#### [PROMPT]
Could you reproduce every entry as it stands, leaving the pictures behind?

#### [DATA SECTION]
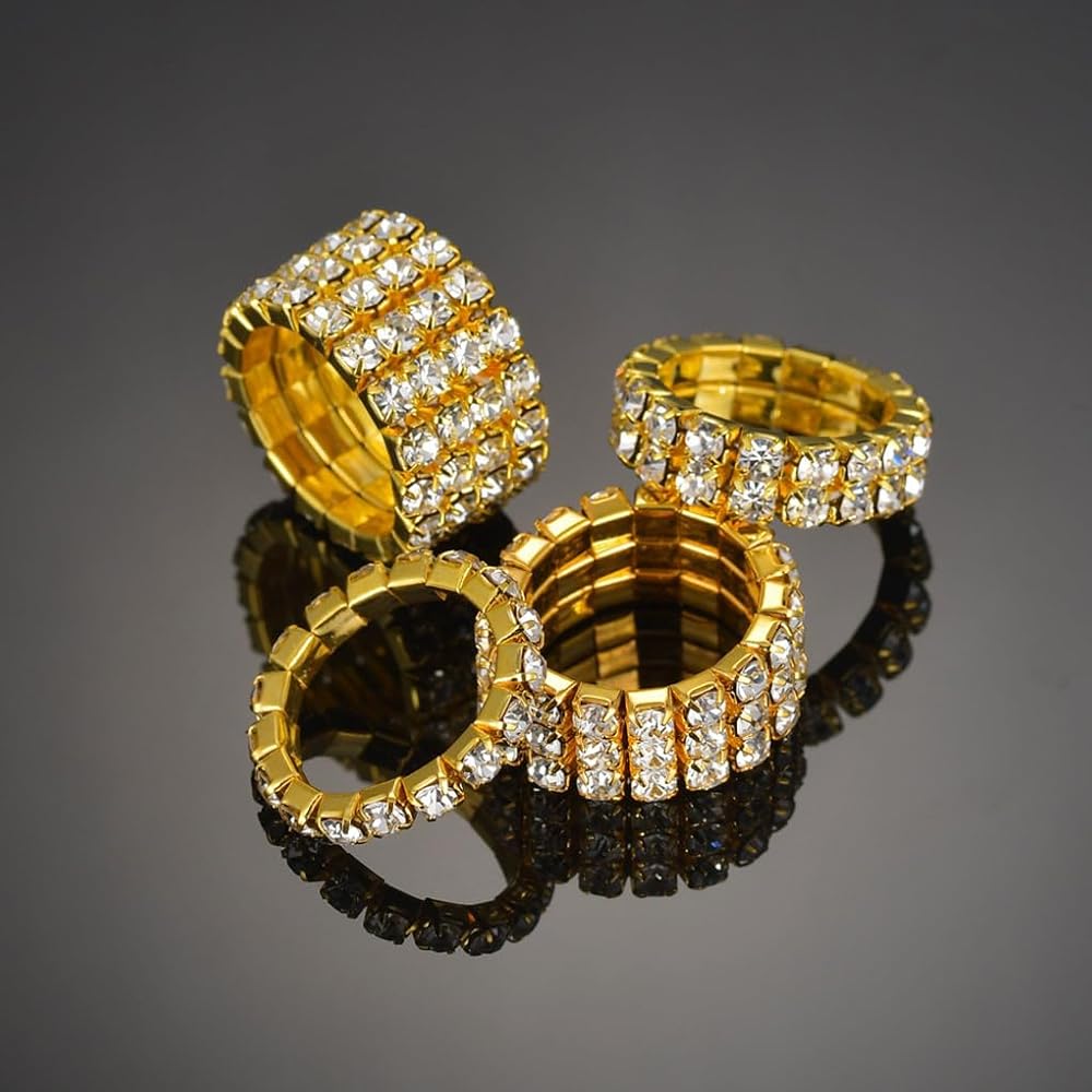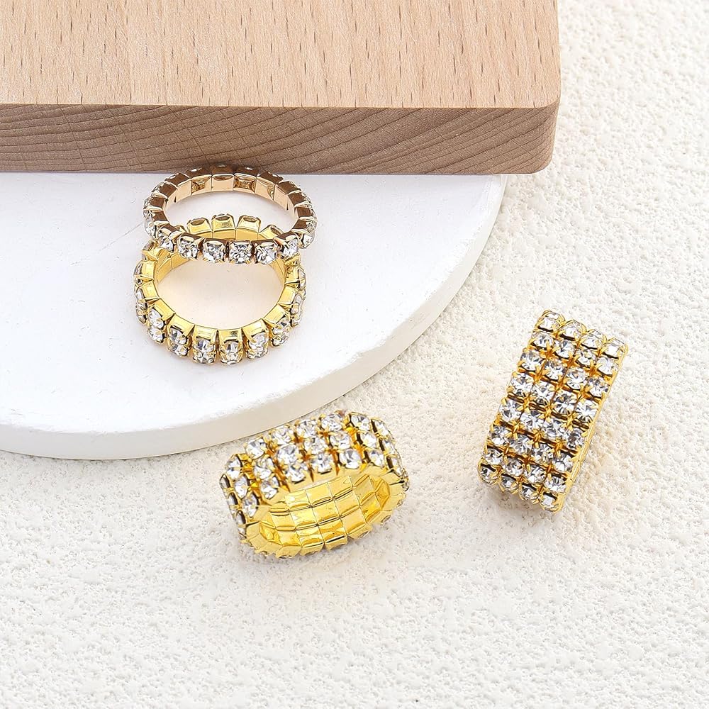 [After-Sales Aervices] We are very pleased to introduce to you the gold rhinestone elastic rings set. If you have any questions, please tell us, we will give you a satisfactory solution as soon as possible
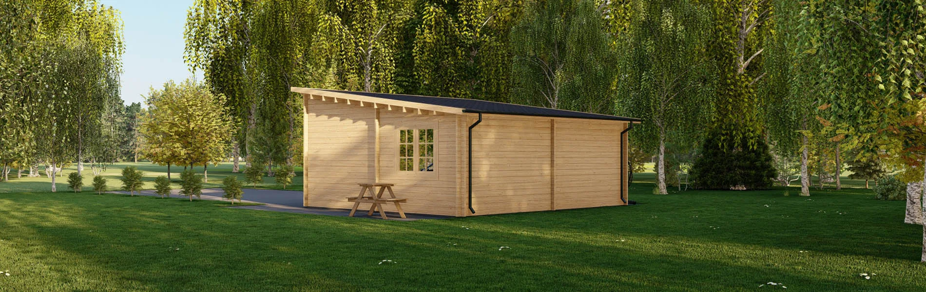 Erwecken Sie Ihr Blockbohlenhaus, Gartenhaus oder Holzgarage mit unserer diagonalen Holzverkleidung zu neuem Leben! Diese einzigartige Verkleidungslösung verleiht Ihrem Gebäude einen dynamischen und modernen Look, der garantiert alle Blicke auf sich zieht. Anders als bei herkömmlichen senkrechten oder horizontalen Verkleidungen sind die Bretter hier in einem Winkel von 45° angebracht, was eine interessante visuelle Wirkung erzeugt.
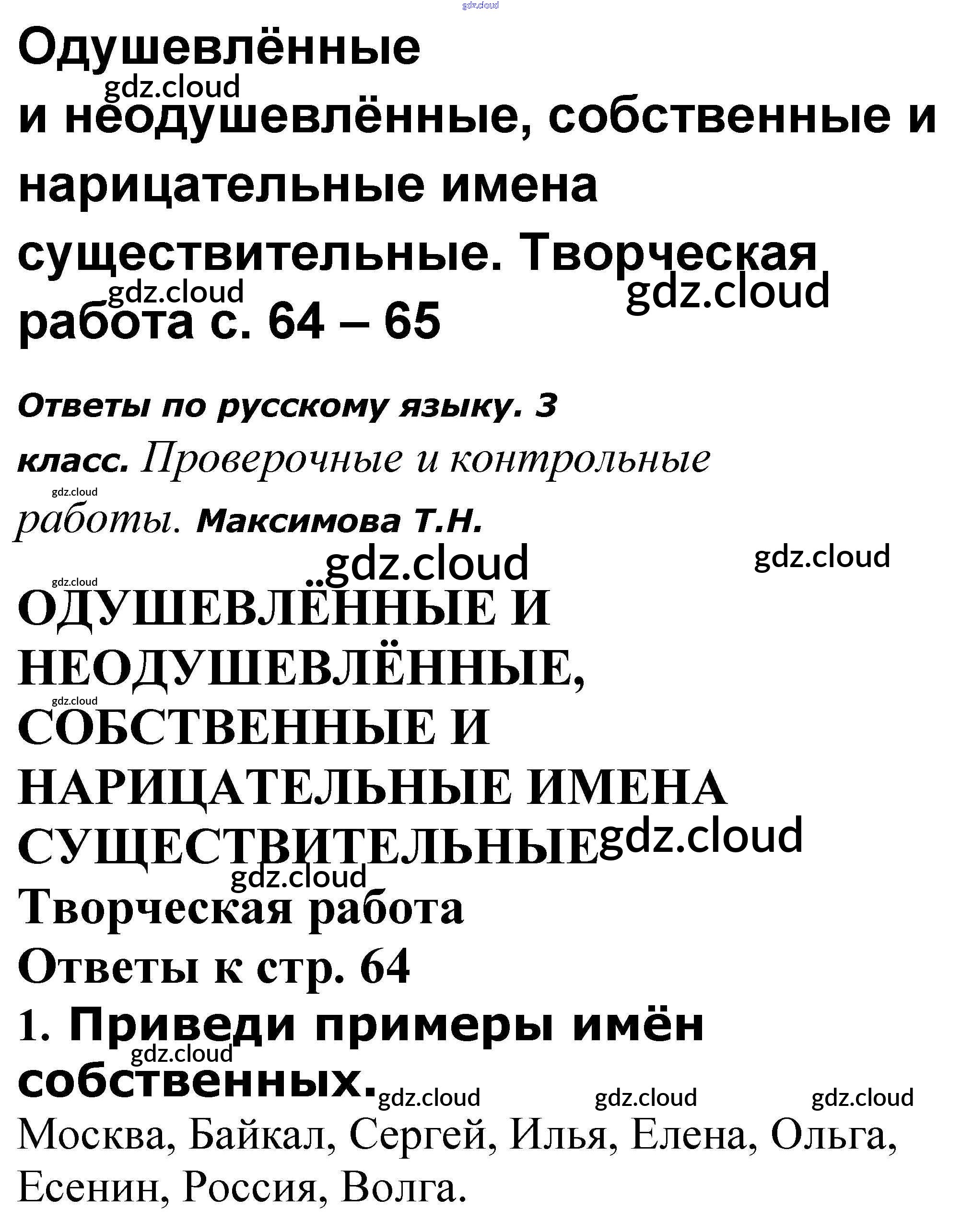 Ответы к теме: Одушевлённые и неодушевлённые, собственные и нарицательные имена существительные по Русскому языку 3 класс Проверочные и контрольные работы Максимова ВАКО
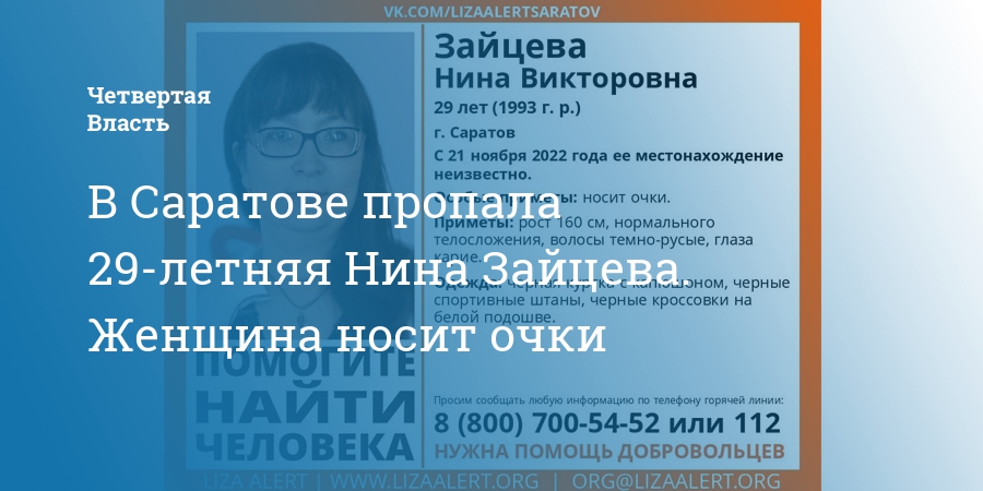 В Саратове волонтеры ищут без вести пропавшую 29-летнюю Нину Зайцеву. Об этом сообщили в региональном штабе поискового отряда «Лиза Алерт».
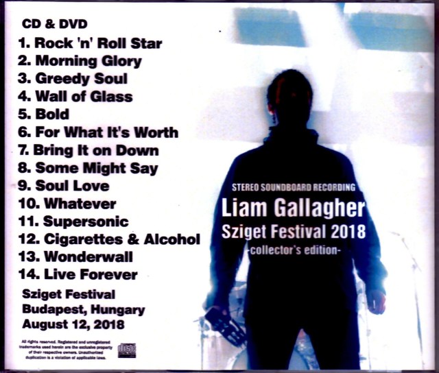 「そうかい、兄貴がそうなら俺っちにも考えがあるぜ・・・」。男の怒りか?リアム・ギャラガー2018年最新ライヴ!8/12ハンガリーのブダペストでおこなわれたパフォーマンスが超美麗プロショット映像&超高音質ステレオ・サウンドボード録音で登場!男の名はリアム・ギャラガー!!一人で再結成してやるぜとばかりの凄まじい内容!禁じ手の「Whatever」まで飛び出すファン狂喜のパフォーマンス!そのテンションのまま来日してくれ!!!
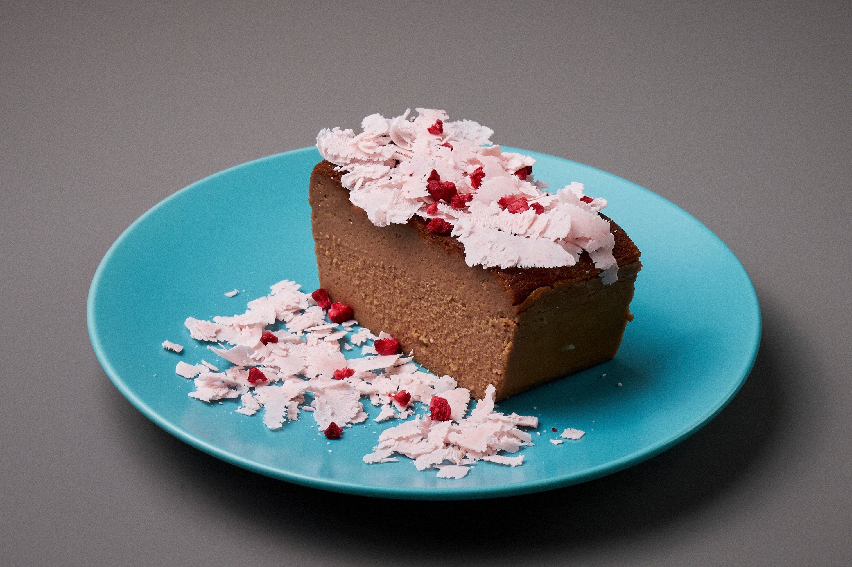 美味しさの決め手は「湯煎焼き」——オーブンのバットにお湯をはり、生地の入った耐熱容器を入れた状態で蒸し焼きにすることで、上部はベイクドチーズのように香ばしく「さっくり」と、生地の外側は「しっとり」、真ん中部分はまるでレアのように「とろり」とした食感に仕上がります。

#### [ANSWER AREA]
 [After-Sales Aervices] We are very pleased to introduce to you the gold rhinestone elastic rings set. If you have any questions, please tell us, we will give you a satisfactory solution as soon as possible
 Erwecken Sie Ihr Blockbohlenhaus, Gartenhaus oder Holzgarage mit unserer diagonalen Holzverkleidung zu neuem Leben! Diese einzigartige Verkleidungslösung verleiht Ihrem Gebäude einen dynamischen und modernen Look, der garantiert alle Blicke auf sich zieht. Anders als bei herkömmlichen senkrechten oder horizontalen Verkleidungen sind die Bretter hier in einem Winkel von 45° angebracht, was eine interessante visuelle Wirkung erzeugt.
 Ответы к теме: Одушевлённые и неодушевлённые, собственные и нарицательные имена существительные по Русскому языку 3 класс Проверочные и контрольные работы Максимова ВАКО
 В Саратове волонтеры ищут без вести пропавшую 29-летнюю Нину Зайцеву. Об этом сообщили в региональном штабе поискового отряда «Лиза Алерт».
 「そうかい、兄貴がそうなら俺っちにも考えがあるぜ・・・」。男の怒りか?リアム・ギャラガー2018年最新ライヴ!8/12ハンガリーのブダペストでおこなわれたパフォーマンスが超美麗プロショット映像&超高音質ステレオ・サウンドボード録音で登場!男の名はリアム・ギャラガー!!一人で再結成してやるぜとばかりの凄まじい内容!禁じ手の「Whatever」まで飛び出すファン狂喜のパフォーマンス!そのテンションのまま来日してくれ!!!
 美味しさの決め手は「湯煎焼き」——オーブンのバットにお湯をはり、生地の入った耐熱容器を入れた状態で蒸し焼きにすることで、上部はベイクドチーズのように香ばしく「さっくり」と、生地の外側は「しっとり」、真ん中部分はまるでレアのように「とろり」とした食感に仕上がります。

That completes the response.